5 Things that Show a School is On Track

Five Things that Show a Low Grad Rate High School is On Track to Success

Progress towards students graduating college and career ready in high poverty low graduation rate high schools can monitored through a set of metrics which capture both student and adult success factors.  Thus these metrics can be used to help determine the reform progress low graduation rate high schools are making

They are:

  • The ABC’s
    Students need to attend regularly, focus and behave in school, and do well in their courses to graduate college and career ready. These outcomes are shaped both by student and adult behaviors and can be monitored on a monthly basis.Thus, close tracking of a school’s chronic absenteeism rate, suspension and disciplinary infraction rate, and the GPA’s of its students (and in particular the number of course failures and then number of students earning a B or higher in core courses) in combination with more traditional measures like on-time earned grade promotion rates, standardized test scores and graduation rates can provide good insight into both student and school progress.
  • Quality of Coursework
    The driver of college readiness is to be able to apply what you have learned to the quality completion of challenging class assignments.Quality teaching and instruction design, effective adult collaboration and consistency across classrooms, as well as student motivation and the extent to which they have reference points to the amount and intensity of work required to succeed in post-secondary schooling or training and have received any additional cognitive or socio-emotional supports they need to achieve it-can all be measured through an audit of the quality of coursework a representative sample of students is doing in their classes.
  • Quality of Relationships
    Motivation, effort, commitment and perseverance are all shaped by inter-personal relations and trust. In high poverty environments positive adult-student, and adult-adult relationships are also a needed antidote to the stress impacts of poverty (which in high poverty schools impact students and the adults in the school).Existing survey and observational instruments exist which can be used to gauge the extent to which students, adults, and parents have the network of positive and supportive relationships they need.
  • Equity of Access to Learning Experiences and Success Supports
    To graduate college and career ready all students need access to courses of study linked to college and career readiness standards and state university admission requirements and the academic and social emotional supports they need to succeed in them, including organized experiences which develop artistic, scientific, leadership, and/or community service skills.Adults in the school need access to organizational structures and professional learning opportunities, which enable the enhancement of their skills.

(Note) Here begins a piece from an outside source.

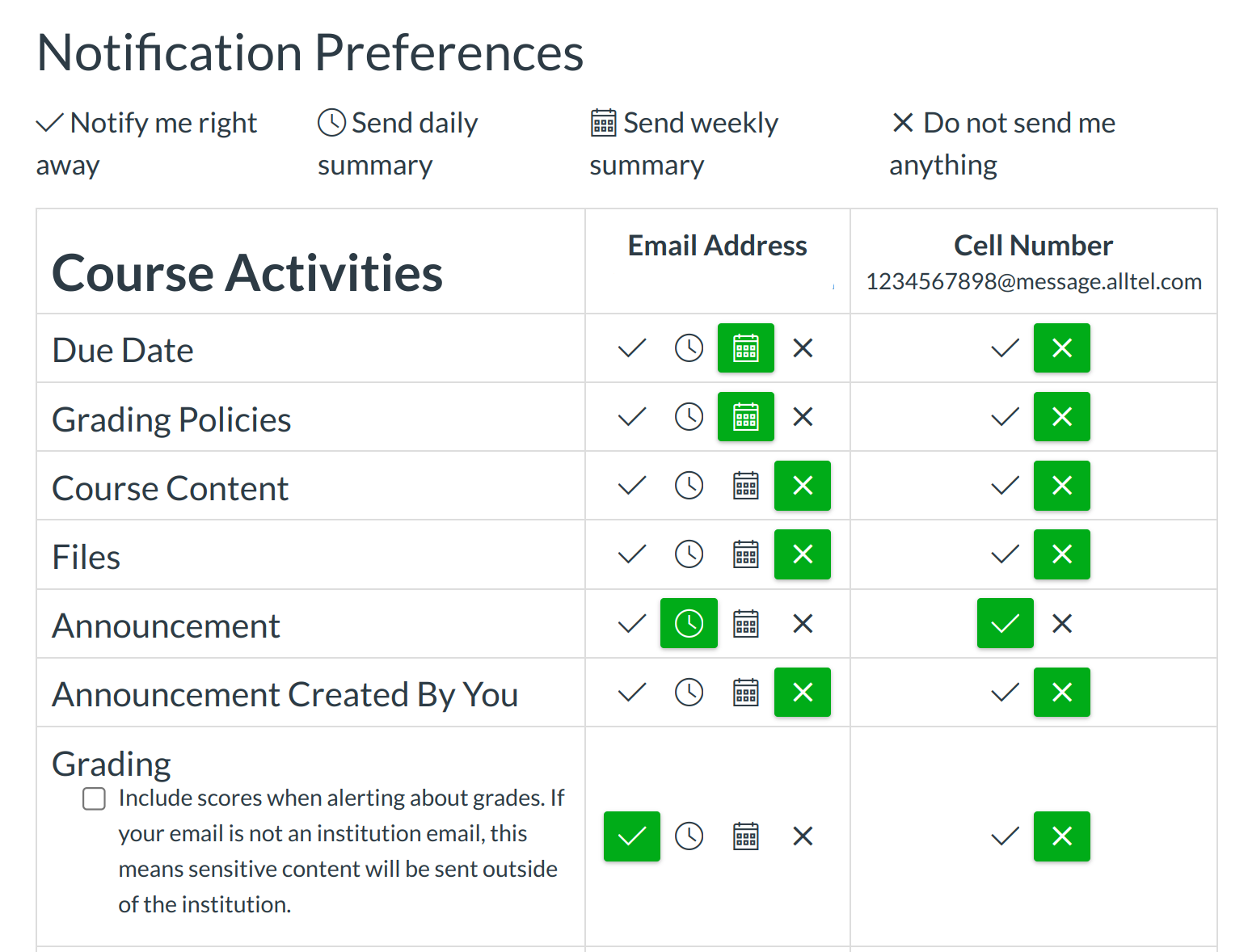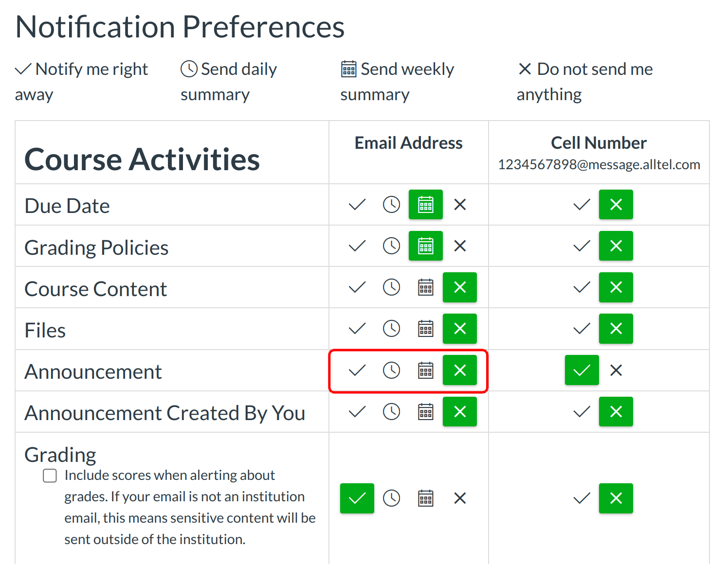 Hover over the Announcement cell under the Email Address column. Set the notification preference by clicking on the appropriate icon.

Audits of the course taking and extra-curricular participation rates of students from different sub-groups, along with surveys of teachers can be used to measure this outcome.
  • Processes and structures in place to promote and enable continuous improvement
    The school needs to be organized so students and adults, have the time, organizational structures, access to external peer networks and the supports needed to engage in continuous improvement of the school. For this to occur, energy and focus of the adults and students in the school cannot be consumed by an environment shaped by continual stress and scarcity.Site visits and teacher and administrator interviews can be used to gauge the extent to which these processes and structures exist and are used.